**Prompt**
Down to the last line, print the data that follows exactly, without its pictures.

**Saved data entries**
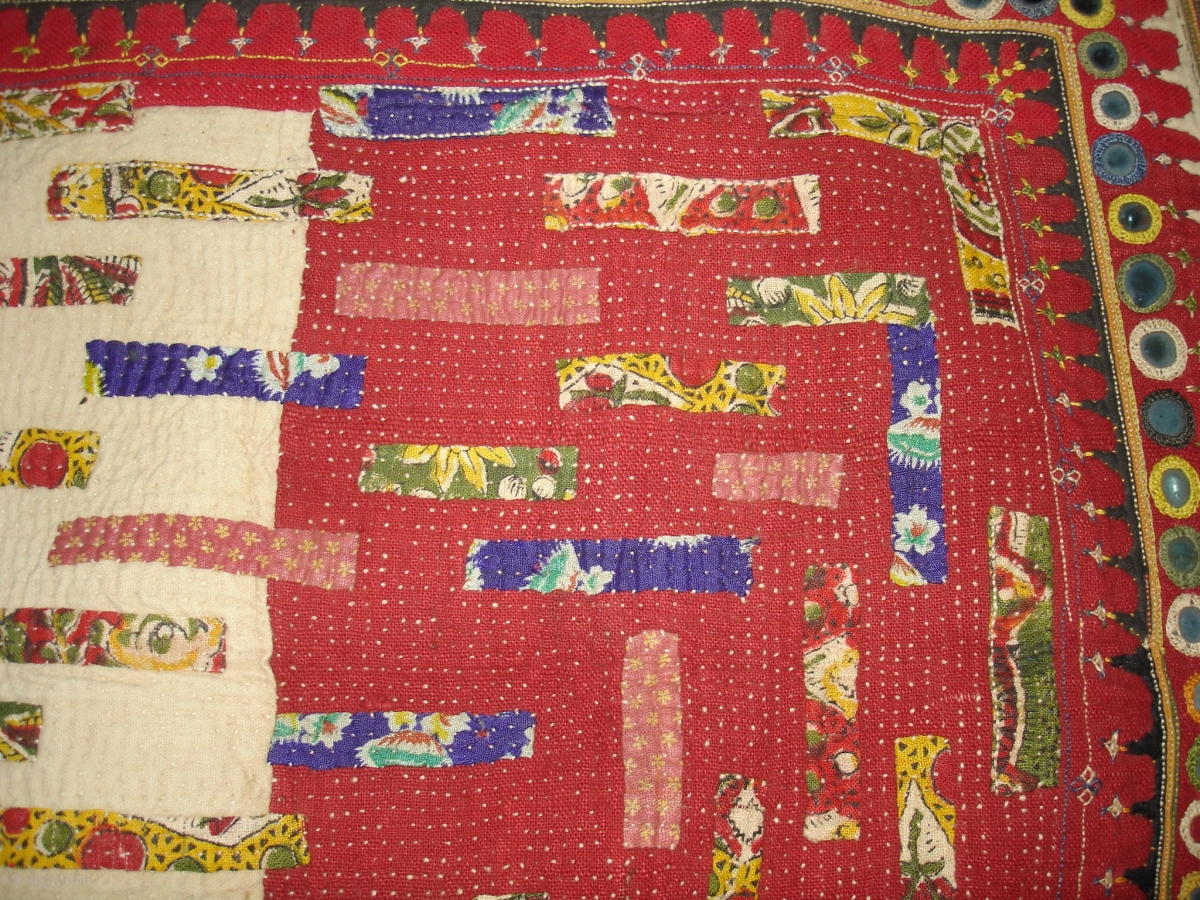 Embroidered and Printed Patch work Quilt From Dwaraka Region of Saurashtra Gujarat.India.very fine quilted and Patch work.Rare kind of Piece.Its size is 65cmX102cm(DSC04270 New).
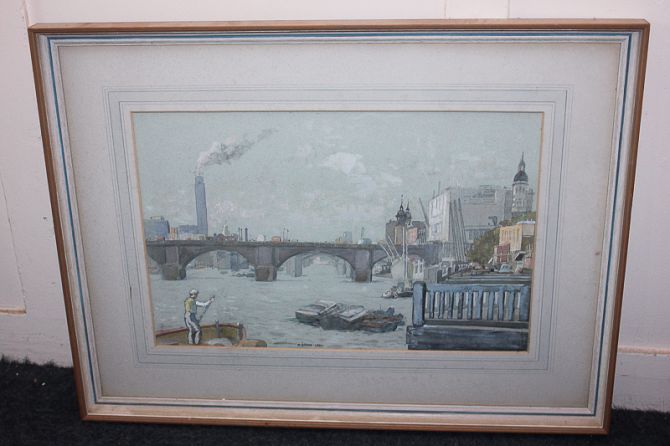 Mabel Bruce Low RBA VP SWA, view across the Thames, Old London Bridge, watercolour, signed, Royal Institute Galleries label and other paper labels verso, 31cm by 47.5cm
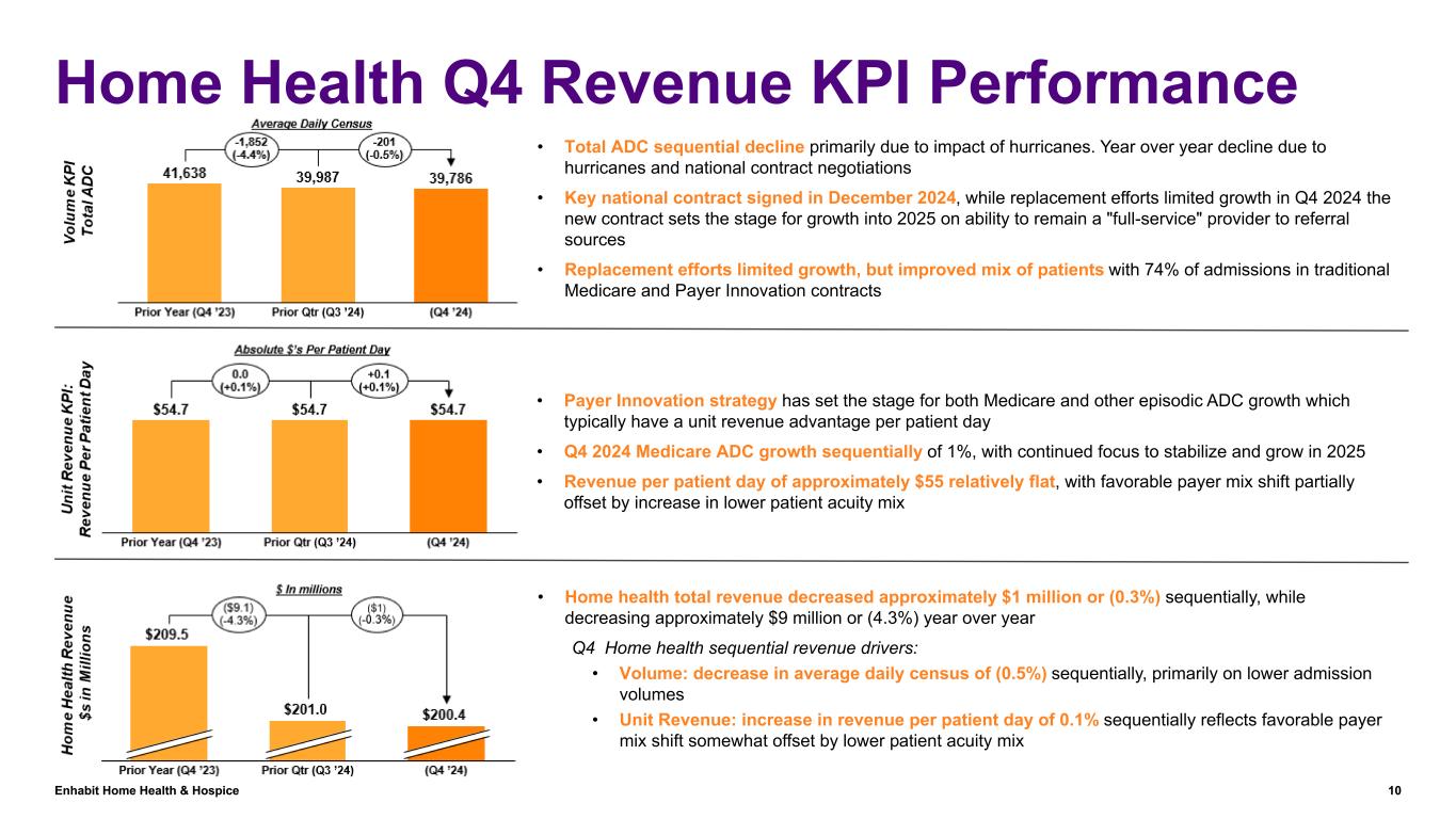 Enhabit Home Health & Hospice 9 Clinical Expertise and High-Quality Outcomes Enhabit National Average % Better Than Average QoPC Star Rating1 3.1 3.0 3.3% 69% of our home health agencies are 3 Stars or higher; 18% are 4 Stars or higher1 HHCAHPS Star Rating2 4.1 3.9 5.1% 99% of our home health agencies are 3 Stars or higher; 82% are 4 Stars or higher2 30-Day Hospital Readmission Rate3 14.4% 18.0% 20.0% Percent of patients readmitted to an acute care hospital within 30 days of start of care or resumption of care Hospice Visits in Last Days of Life4 67.1% 47.4% 41.6% Percent of patients who received in person visits from RN or medical social worker on at least two out of the final three days of the patient’s life Standardized Protocols Motivated Clinicians Disciplined Use of Technology Superior Performance ü ü ü ü (1) Quality of Patient Care (QoPC) Star Ratings as of January 31, 2025 for dates of service current year 2023; April 2023 through March 2024 (2) Home Health Care Consumer Assessment of Healthcare Providers (HHCAHPS) Patient Survey Star Ratings as of January 31, 2025 for dates of service July 1, 2023 - June 30, 2024 (3) Research Institute for Home Care 2024 Chartbook (data from Medicare Standard Analytics Files for CY 2023), Enhabit data is as of Q4 2024 (4) Medicare fee for service claims data from January 1, 2022 to December 31, 2023 (source Medicare Provider Data catalog - February 2025)
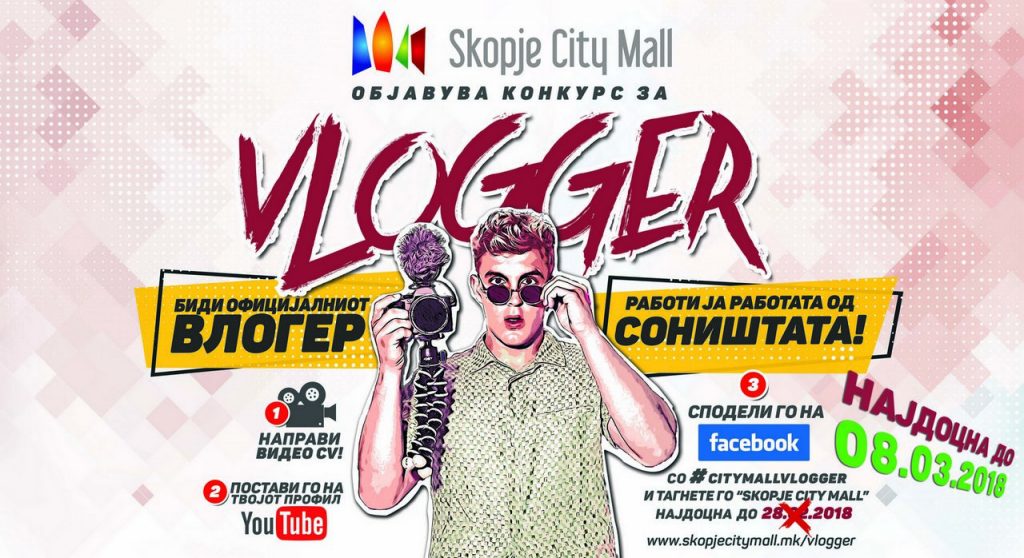 Скопје Сити Мол го бара својот влогер, кој ќе биде прв од ваков тип во Македонија. Истиот ќе се одбере преку конкурс кој ќе трае од 15. февруари до 26ми март кога според различни критериуми ќе се натпреваруваат сите заинтересирани за оваа позиција. Влогер е всушност блогер, но се искажува преку видео формат. Тоа тинејџерите многу добро го знаат бидејќи повеќето ги следат познатите влогери во светот. Ги охрабруваме сите тинејџери од Македонија кои се заинтересирани да бидат официјалниот влогер на Сити Мол да прикачат свое видео CV на социјалните медиуми и да конкурираат на овој оглас за несекојдневна работа.
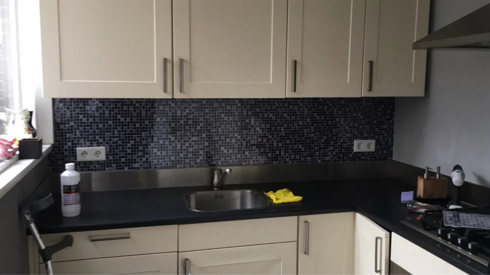 Этот продукт является прекрасным, если вы не хотите, чтобы они были очищены и прилипали плитку, вы не знаете, что они не реальны издалека, они выглядят действительно. В инслелл ушло два дня, так как мой муж был один и много обрезал наши шкафы на кухне. Мы действительно удовлетворены продуктом.

**Completed task**
 Embroidered and Printed Patch work Quilt From Dwaraka Region of Saurashtra Gujarat.India.very fine quilted and Patch work.Rare kind of Piece.Its size is 65cmX102cm(DSC04270 New).
 Mabel Bruce Low RBA VP SWA, view across the Thames, Old London Bridge, watercolour, signed, Royal Institute Galleries label and other paper labels verso, 31cm by 47.5cm
 Enhabit Home Health & Hospice 9 Clinical Expertise and High-Quality Outcomes Enhabit National Average % Better Than Average QoPC Star Rating1 3.1 3.0 3.3% 69% of our home health agencies are 3 Stars or higher; 18% are 4 Stars or higher1 HHCAHPS Star Rating2 4.1 3.9 5.1% 99% of our home health agencies are 3 Stars or higher; 82% are 4 Stars or higher2 30-Day Hospital Readmission Rate3 14.4% 18.0% 20.0% Percent of patients readmitted to an acute care hospital within 30 days of start of care or resumption of care Hospice Visits in Last Days of Life4 67.1% 47.4% 41.6% Percent of patients who received in person visits from RN or medical social worker on at least two out of the final three days of the patient’s life Standardized Protocols Motivated Clinicians Disciplined Use of Technology Superior Performance ü ü ü ü (1) Quality of Patient Care (QoPC) Star Ratings as of January 31, 2025 for dates of service current year 2023; April 2023 through March 2024 (2) Home Health Care Consumer Assessment of Healthcare Providers (HHCAHPS) Patient Survey Star Ratings as of January 31, 2025 for dates of service July 1, 2023 - June 30, 2024 (3) Research Institute for Home Care 2024 Chartbook (data from Medicare Standard Analytics Files for CY 2023), Enhabit data is as of Q4 2024 (4) Medicare fee for service claims data from January 1, 2022 to December 31, 2023 (source Medicare Provider Data catalog - February 2025)
 Скопје Сити Мол го бара својот влогер, кој ќе биде прв од ваков тип во Македонија. Истиот ќе се одбере преку конкурс кој ќе трае од 15. февруари до 26ми март кога според различни критериуми ќе се натпреваруваат сите заинтересирани за оваа позиција. Влогер е всушност блогер, но се искажува преку видео формат. Тоа тинејџерите многу добро го знаат бидејќи повеќето ги следат познатите влогери во светот. Ги охрабруваме сите тинејџери од Македонија кои се заинтересирани да бидат официјалниот влогер на Сити Мол да прикачат свое видео CV на социјалните медиуми и да конкурираат на овој оглас за несекојдневна работа.
 Этот продукт является прекрасным, если вы не хотите, чтобы они были очищены и прилипали плитку, вы не знаете, что они не реальны издалека, они выглядят действительно. В инслелл ушло два дня, так как мой муж был один и много обрезал наши шкафы на кухне. Мы действительно удовлетворены продуктом.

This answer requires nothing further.